Introduction

In recent years, the regenerated cellulose and cellulose derivatives, characterized as sustainable and compatible with the environment, are in high demand (Quintana et al. 2013; Wang et al. 2015). Dissolving pulp, known as high purity cellulose, can be used as the main feedstock for the manufacture of regenerated cellulose (e.g., viscose rayon and lyocell), cellulose derivatives (cellulose esters and ethers) and other new cellulose-based products (MCC or NCC) (Li et al. 2015a; Sixta et al. 2013).

The pre-hydrolysis kraft (PHK) process has emerged as an important commercial dissolving pulp production process, which fits the biorefinery concept well (Sixta et al. 2013; Wang et al. 2015). The viscosity and reactivity are the most important quality parameters for dissolving pulp in terms of processability of the downstream production process. A moderate reduction in viscosity or molecular weight (Mw) is a pre-requisite for a good processability during the viscose rayon process and the quality of the final product (Henriksson et al. 2005). In the viscose process, a pre-aging step is required for decreasing the viscosity of mercerized pulp to 200–250 mL/g prior to the xanthation step (Strunk et al. 2012). Apart from the viscosity, the reactivity of dissolving pulps, an indicator of the ability of cellulose to react with CS2 under alkaline conditions in the viscose process, is of critical importance for viscose rayon production (Christoffersson et al. 2002). A pulp with high reactivity can produce a high-quality viscose product with low demand of carbon disulfide, allowing a cost-effective production and low environmental impact (Ibarra et al. 2010b). A low viscosity and a high reactivity can improve the homogeneity and quality of resulting cellulose product and lower the demands of reactants (Tian et al. 2014). A good control of viscosity and increase in its reactivity are always of practical interest.

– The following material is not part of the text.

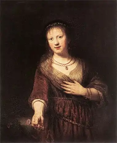 Saskia with a Flower is a 1641 oil on canvas portrait by Rembrandt of his wife Saskia van Uylenburgh, now in the Gemäldegalerie Alte Meister in Dresden.[1] It is also known as Saskia with a Red Flower, Saskia with a Carnation or Saskia as Flora.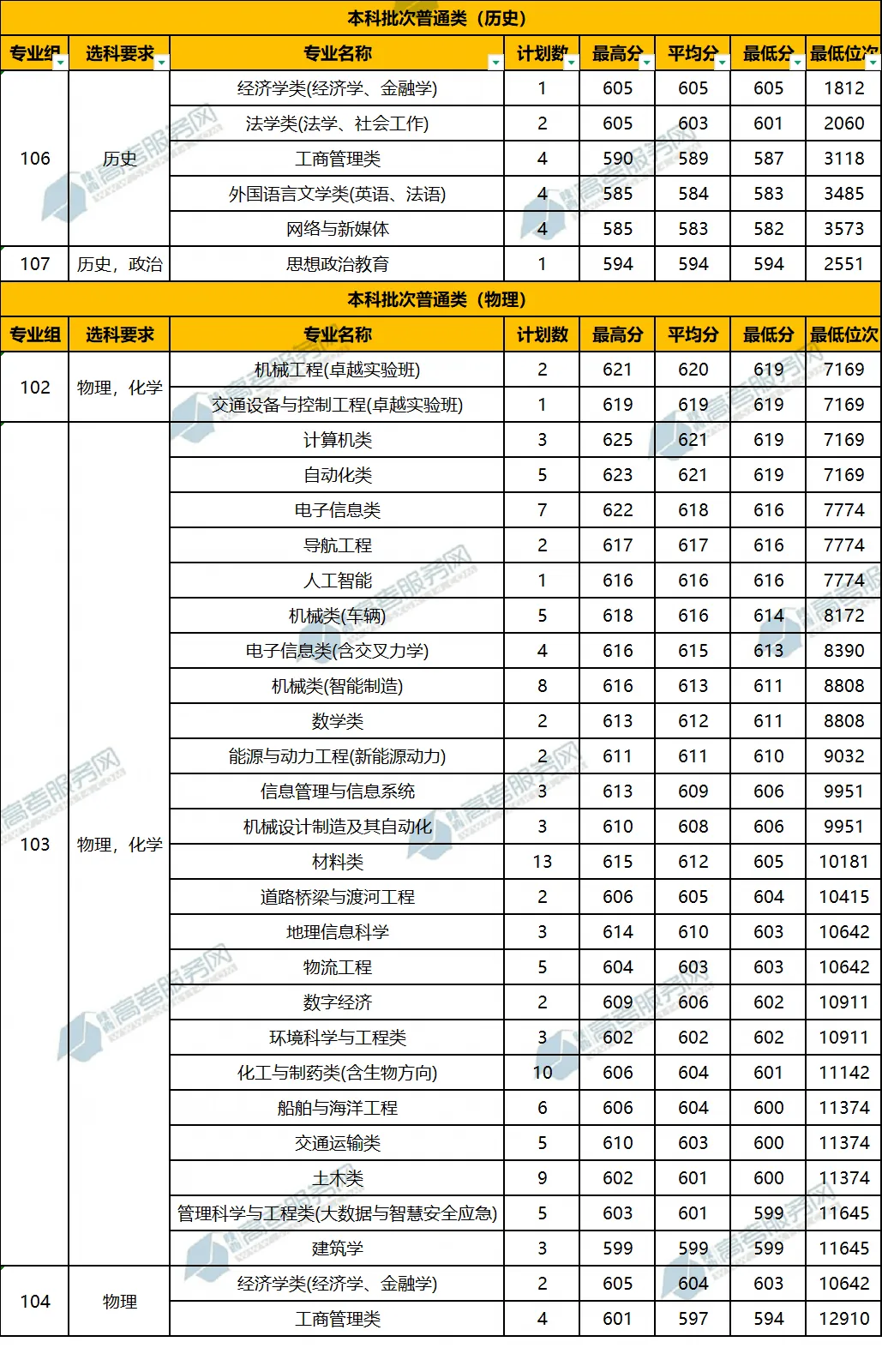 武汉理工大学公布了2025年在陕招生专业录取分数线。

In practice, the viscosity control of dissolving pulp in its manufacturing process is traditionally done in the bleaching process, and hypochlorite (H) remains the most common bleaching reagent to control the viscosity (degree of polymerization, DP) due to a number of reasons, including its cost advantage (Biermann 1996; Wang et al. 2015). However, toxic organics that contain chlorine, known as adsorbable organic halogens (AOX), will be produced during the H bleaching.

Cellulase treatment has been increasingly popular in the dissolving pulp industry in recent years because not only can it precisely adjust pulp viscosity, but it can also improve pulp reactivity in a green way (Gehmayr et al. 2011; Gehmayr and Sixta 2012). Some studies have also revealed that cellulase treatment can adjust cellulose DP and enhance the cellulose reactivity, which were beneficial for the processability of dissolving pulp and final product quality during the viscose process (Ibarra et al. 2010a; Miao et al. 2014a; Wang et al. 2015). However, the commercialization of enzymatic treatment in the dissolving pulp industry still has a long way to go.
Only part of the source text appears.